DYSPEPSIA GENERATION

We have seen the future, and it sucks.

Attack of the Food Police

8th November 2010

Read it.

No such thing as liberal fascism? Listen to Nanny Bloomberg for a week and tell me that again with a straight face. (Yeah, I’m looking at YOU, Charlie Stross.)

Public health puritans, appalled at the spread of excess weight, think the government should forcefully guide our dining choices. And when it comes to policy, they are getting a place at the table.

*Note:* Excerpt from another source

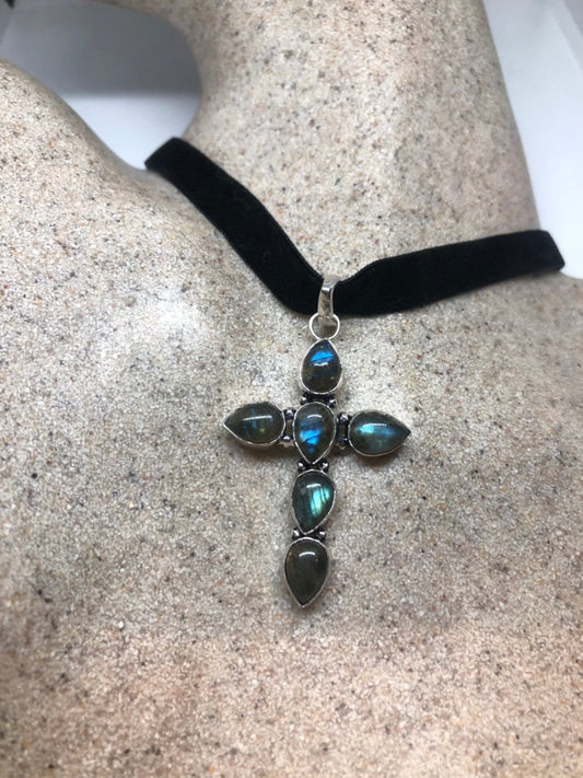 Vintage Silver Genuine Labradorite Gemstone Cross Necklace.

Last week, the San Francisco board of supervisors voted to hose the Happy Meal. No longer would McDonald’s (or any other restaurant) be allowed to provide a free toy with a meal that exceeds specified amounts of fat, sugar, and calories. If the folks at the Golden Arches want to offer a Batman action figure, it will have to be flanked by fruits and vegetables.

The impulse to overrule nutritional choices exists elsewhere too. In his last two budgets, New York’s Democratic Gov. David Paterson proposed a tax on soda.

High-calorie food is not one of those substances that presents a mortal threat to innocent bystanders. Guzzle a liter of Fanta, and you can still be trusted behind the wheel of a car. Walk by a KFC, and you don’t have to worry about secondhand fat.